Unsubscribe: https://mail.python.org/mailman/options/python-dev/dev-python%2Bgarchive-30976%40googlegroups.com

Steve Holden

unread,

Feb 3, 2018, 9:19:58 PM2/3/18

to Guido van Rossum, Nick Coghlan, Eric Smith, python-dev

As a Bear of Relatively Little Brain, I've grown up understanding, and teaching, that mutable things aren't to be used as dict keys. I'm aware that immutability isn't strictly the required condition, but it for most people, that's the primary reason for using frozen sets and tuples, for example, and immutability serves as a practical and comprehensible first approximation. So I'm at a loss to understand why I am being offered a feature that (especially during maintenance by a different developer) might be prone to bizarre errors caused by a change in hash.

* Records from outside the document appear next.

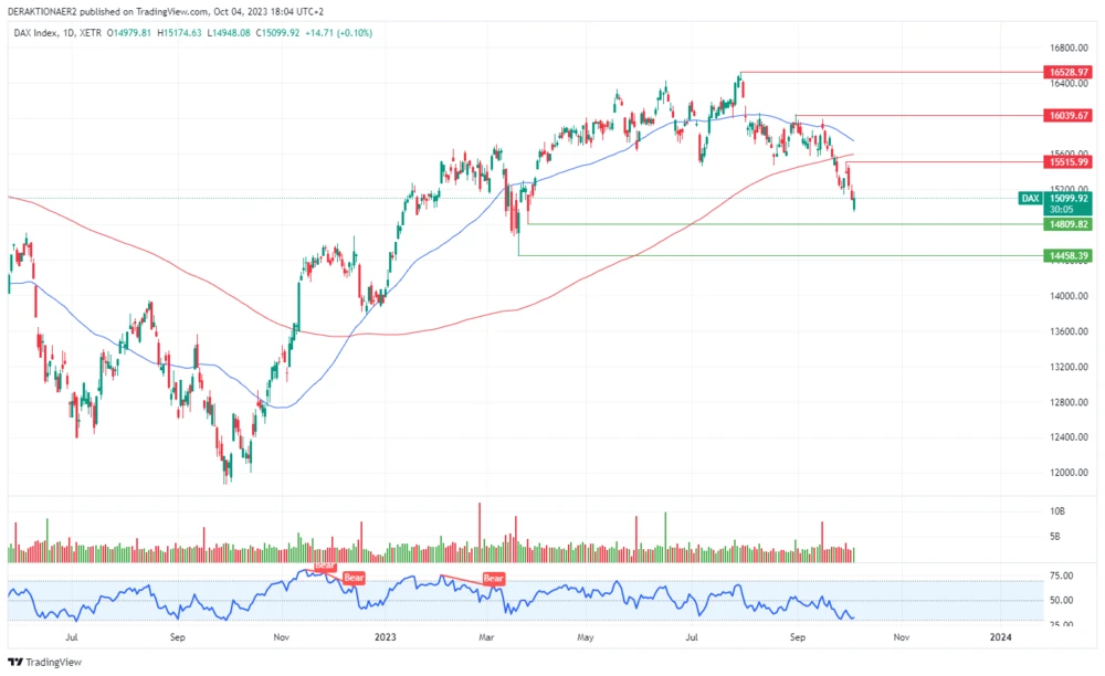 Der Dax war im frühen Handel erstmals seit März wieder unter die Marke von 15 000 Punkten gefallen, bevor er sich erholte und schließlich um 0,10 Prozent auf 15 099,92 Punkte zulegte.
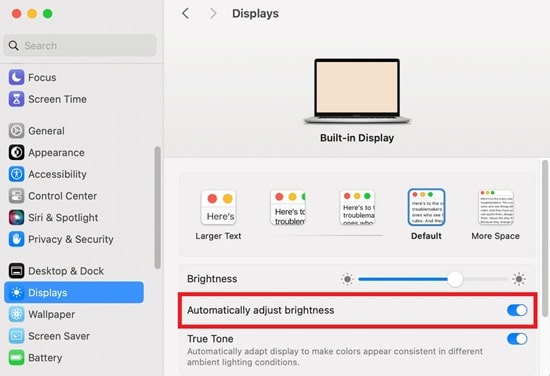 - Go to System Settings > Displays > Brightness
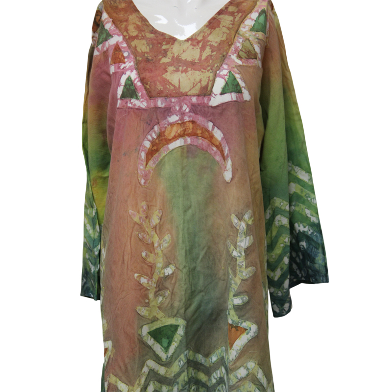 تونيك نسائي مطبوع بالكامل بفن الباتيك بنمط الزرع النوبي، مريح وأنيق.
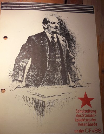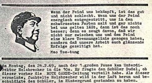Das Schulstudienkollektiv der Roten Garde am Friedrich-Engels-Gymnasium gibt ein Flugblatt heraus, in dem vom Besuch des Schuldirektors Holzbrecher in der Klasse 10a berichtet wird, bei dem nach Verteiler*innenn der Rote-Garde-Zeitung gesucht wurde.
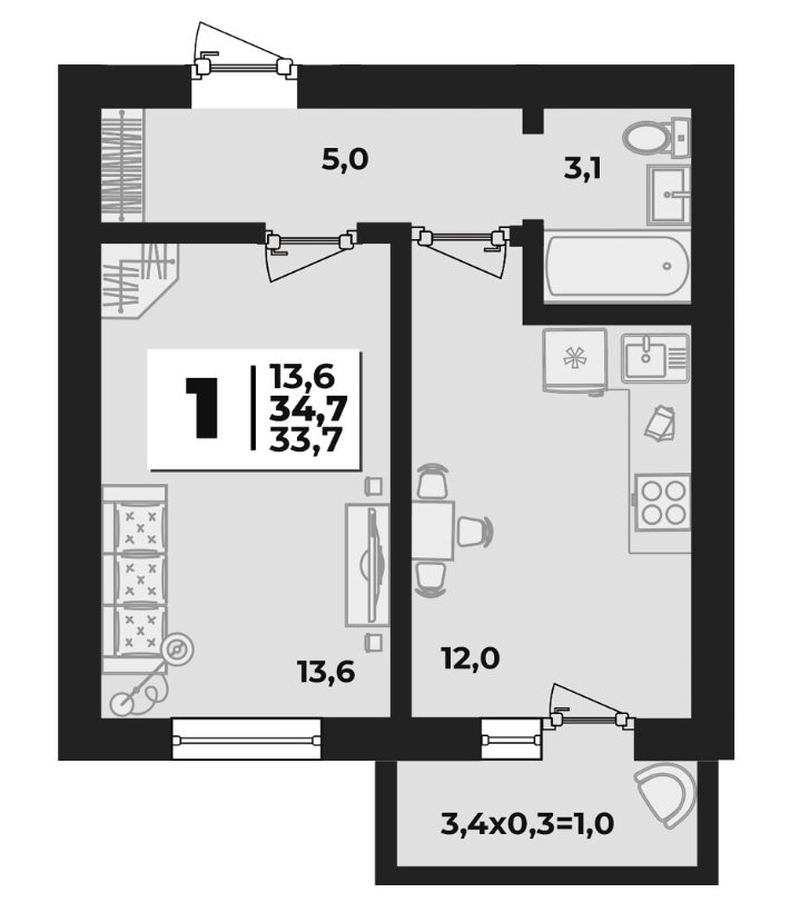 Продается однокомнатная новостройка, 31 кв.м., 1/5 эт
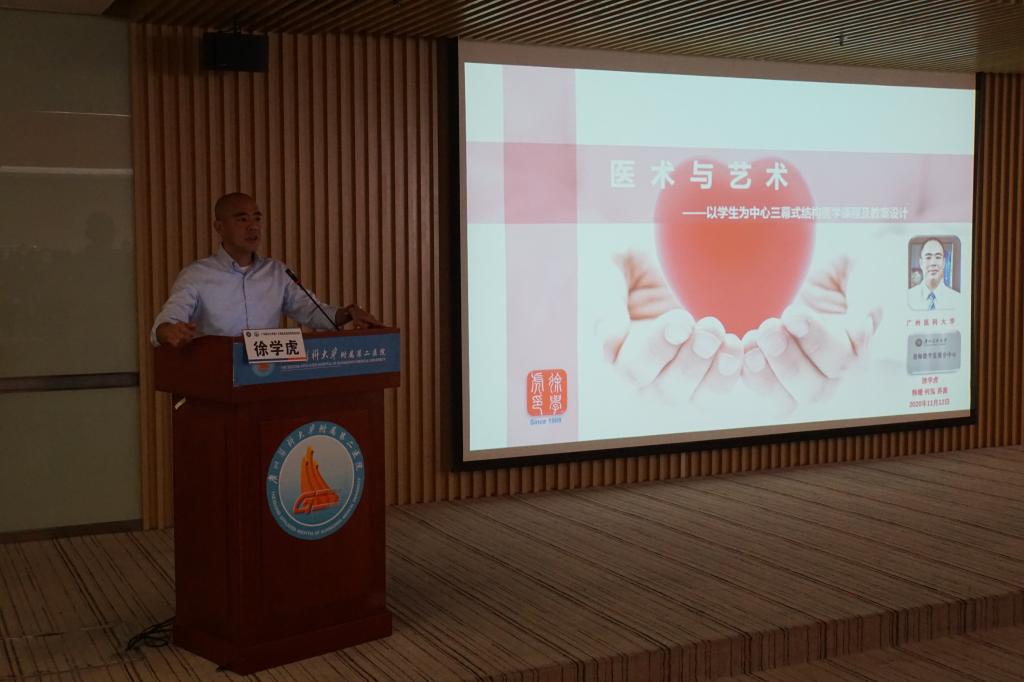 在临床教学师资培训班中,我校教务处处长、教师教学发展中心主任李建华教授做以“全面推进课程思政,教书育人同向同行”的专题讲座,护理学院徐学虎教授,第二临床学院徐米清、刘翔教授分别为学员做了“医术与艺术——以学生为中心的三幕式结构医学课程及教案设计”、“病史采集与病历书写”、“如何做好理论课与实习的衔接”的专题讲座,专家们精彩的讲座赢得了学员们的热烈掌声。
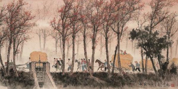 進入70年代,魏紫熙表現(xiàn)豐收主題的作品離開了他慣常的曬場,1971年創(chuàng)作的《收獲歸來》則把收獲歸來的空間放到了河堤之上,呈現(xiàn)了一個不一樣的“遍地英雄下夕煙”的情景。該畫完全沒有那個時代中的特點,沒有紅旗和標語,也沒有那個時代中常見的許多符號,可是,表現(xiàn)人民公社的秋收卻是非常平實的鄉(xiāng)村中的一種特別的自然景象。畫面前方的左邊有一個水閘,表明了它是在河堤這樣一個特殊的環(huán)境之中。河堤邊上秋天的紅葉樹林營造了整體的秋天氛圍。在這平直的河堤上,前面是拖拉機,后面是馬車,都是滿載的收獲。知識青年不管是開拖拉機,還是幫著拉板車,他們在收獲歸來的路上滿載著喜悅的心情。這里以“歸”為契機,離開了田地,離開了收割,也離開了汗水,而是在歸程的路上,因此,歸來的心情與正在勞動的狀態(tài)完全不同。知識青年在農(nóng)村這一“廣闊天地”之中,在鍛煉中成長,大有作為,正如同收獲的今天一樣,是一種不同于往日的特別的心情。毫無疑問,這是一個特殊年代中的景觀,但是,魏紫熙在處理“豐收”題材,在處理人物關系以及知識青年和農(nóng)民之間的關系等,都成為這個時代中的一件非常重要的作品。

I realise that this won't happen very often, but the difficulty of the debug task should surely merit at least some warning for us bears - you know, the ones that take your work and use it to do mundane things with.

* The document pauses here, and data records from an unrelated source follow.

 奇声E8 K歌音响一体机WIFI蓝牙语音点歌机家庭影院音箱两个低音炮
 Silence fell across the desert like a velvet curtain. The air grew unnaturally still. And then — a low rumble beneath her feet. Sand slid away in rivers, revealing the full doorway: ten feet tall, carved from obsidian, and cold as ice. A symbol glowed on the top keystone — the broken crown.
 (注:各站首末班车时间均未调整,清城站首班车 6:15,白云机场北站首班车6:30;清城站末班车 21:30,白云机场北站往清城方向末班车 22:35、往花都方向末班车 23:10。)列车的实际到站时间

On a slightly tangential note, us bears are very glad that such questions are taken seriously and discussed in such depth. Thank you all.

Steve Holden

Chris Barker - NOAA Federal

unread,

Feb 4, 2018, 3:07:59 PM2/4/18

to Eric V. Smith, Nick Coghlan, pytho...@python.org

>> IMO, the danger of
>> "@dataclass(hash=True)" far overweighs whatever convenience it might
>> provide.

Is there any reason specifying has=True could set frozen=True unless
the user specifically sets frozen=False?

Or is that already the case?

I think the folks that are concerned about this issue are quite right
— most Python users equate immutable and hashable—so the dataclass API
should reflect that.

And this would still make it easy and clear to specify the unusual
(and arguably dangerous) case of:

hash=True, frozen=False

-CHB

Guido van Rossum

unread,

Feb 5, 2018, 12:51:53 AM2/5/18

to Eric V. Smith, Python-Dev

Looks like this is turning into a major flamewar regardless of what I say. :-(

I really don't want to lose the ability to add a hash function to a mutable dataclass by flipping a flag in the decorator. I'll explain below. But I am fine if this flag has a name that clearly signals it's an unsafe thing to do.

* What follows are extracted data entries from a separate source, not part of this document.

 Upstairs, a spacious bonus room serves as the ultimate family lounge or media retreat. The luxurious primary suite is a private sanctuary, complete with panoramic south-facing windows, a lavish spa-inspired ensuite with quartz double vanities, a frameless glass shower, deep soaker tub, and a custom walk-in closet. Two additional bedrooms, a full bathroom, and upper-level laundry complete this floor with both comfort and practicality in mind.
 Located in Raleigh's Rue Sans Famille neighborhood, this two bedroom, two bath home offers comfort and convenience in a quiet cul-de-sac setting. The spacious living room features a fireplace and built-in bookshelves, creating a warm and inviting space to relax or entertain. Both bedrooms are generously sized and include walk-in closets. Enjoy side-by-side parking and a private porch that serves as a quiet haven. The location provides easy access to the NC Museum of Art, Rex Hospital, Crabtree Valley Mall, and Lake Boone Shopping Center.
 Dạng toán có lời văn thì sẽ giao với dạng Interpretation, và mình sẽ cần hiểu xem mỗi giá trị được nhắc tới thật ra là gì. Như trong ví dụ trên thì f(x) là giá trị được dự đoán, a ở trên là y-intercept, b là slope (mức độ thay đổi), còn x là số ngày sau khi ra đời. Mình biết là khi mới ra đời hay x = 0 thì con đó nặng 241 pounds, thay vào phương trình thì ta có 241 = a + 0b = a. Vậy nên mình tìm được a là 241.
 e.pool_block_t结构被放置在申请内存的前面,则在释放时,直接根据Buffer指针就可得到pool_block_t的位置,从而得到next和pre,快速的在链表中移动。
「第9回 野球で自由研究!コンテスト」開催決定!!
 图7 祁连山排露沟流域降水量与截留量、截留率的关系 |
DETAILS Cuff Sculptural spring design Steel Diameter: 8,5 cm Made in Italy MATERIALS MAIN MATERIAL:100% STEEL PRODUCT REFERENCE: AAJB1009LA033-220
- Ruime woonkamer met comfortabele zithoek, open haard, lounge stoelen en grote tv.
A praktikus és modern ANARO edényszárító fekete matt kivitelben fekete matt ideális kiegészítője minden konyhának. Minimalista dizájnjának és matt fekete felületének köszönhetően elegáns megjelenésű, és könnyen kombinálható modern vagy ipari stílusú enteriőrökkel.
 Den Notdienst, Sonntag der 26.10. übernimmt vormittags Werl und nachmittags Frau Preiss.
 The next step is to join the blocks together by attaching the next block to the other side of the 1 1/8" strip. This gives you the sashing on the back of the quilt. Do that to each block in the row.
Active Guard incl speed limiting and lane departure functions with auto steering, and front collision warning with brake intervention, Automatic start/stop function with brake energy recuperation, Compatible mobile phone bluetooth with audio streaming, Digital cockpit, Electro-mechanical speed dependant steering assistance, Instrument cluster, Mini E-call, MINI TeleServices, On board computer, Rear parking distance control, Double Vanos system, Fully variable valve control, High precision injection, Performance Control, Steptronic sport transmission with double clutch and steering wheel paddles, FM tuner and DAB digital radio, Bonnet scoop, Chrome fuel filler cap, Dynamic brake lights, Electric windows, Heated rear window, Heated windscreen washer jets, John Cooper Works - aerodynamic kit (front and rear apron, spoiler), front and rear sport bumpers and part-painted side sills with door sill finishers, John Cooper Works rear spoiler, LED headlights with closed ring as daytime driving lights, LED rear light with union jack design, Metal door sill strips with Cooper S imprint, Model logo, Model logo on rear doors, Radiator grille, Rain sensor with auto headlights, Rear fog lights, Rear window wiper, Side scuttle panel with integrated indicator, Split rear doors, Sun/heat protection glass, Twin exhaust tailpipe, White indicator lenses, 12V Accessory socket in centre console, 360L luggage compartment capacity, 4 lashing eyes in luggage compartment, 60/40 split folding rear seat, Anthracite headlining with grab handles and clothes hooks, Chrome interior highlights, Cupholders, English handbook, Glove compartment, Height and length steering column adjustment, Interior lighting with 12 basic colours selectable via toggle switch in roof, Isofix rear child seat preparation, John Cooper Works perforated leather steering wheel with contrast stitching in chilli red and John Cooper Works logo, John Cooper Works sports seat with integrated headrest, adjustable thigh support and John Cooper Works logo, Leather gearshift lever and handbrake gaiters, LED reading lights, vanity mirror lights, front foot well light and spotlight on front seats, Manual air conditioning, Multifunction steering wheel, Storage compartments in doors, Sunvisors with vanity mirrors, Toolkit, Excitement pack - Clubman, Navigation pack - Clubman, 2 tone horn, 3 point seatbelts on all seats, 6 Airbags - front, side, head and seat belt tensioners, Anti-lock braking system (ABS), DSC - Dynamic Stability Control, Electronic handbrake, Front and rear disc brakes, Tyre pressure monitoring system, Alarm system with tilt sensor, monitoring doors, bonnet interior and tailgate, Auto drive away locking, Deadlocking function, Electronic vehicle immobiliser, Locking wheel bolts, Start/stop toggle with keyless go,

I propose to replace the existing (as of 3.7.0b1) hash= keyword for the @dataclass decorator with a simpler flag named unsafe_hash=. This would be a simple bool (not a tri-state flag like the current hash=None|False|True). The default would be False, and the behavior then would be to add a hash function automatically only if it's safe (using the same rules as for hash=None currently). With unsafe_hash=True, a hash function would always be generated that takes all fields into account except those declared using field(hash=False). If there's already a `def __hash__` in the function I don't care what it does, maybe it should raise rather than quietly doing nothing or quietly overwriting it.

Here's my use case.

A frozen class requires a lot of discipline, since you have to compute the values of all fields before calling the constructor. A mutable class allows other initialization patterns, e.g. manually setting some fields after the instance has been constructed, or having a separate non-dunder init() method. There may be good reasons for using these patterns, e.g. the object may be part of a cycle (e.g. parent/child links in a tree). Or you may just use one of these patterns because you're a pretty casual coder. Or you're modeling something external.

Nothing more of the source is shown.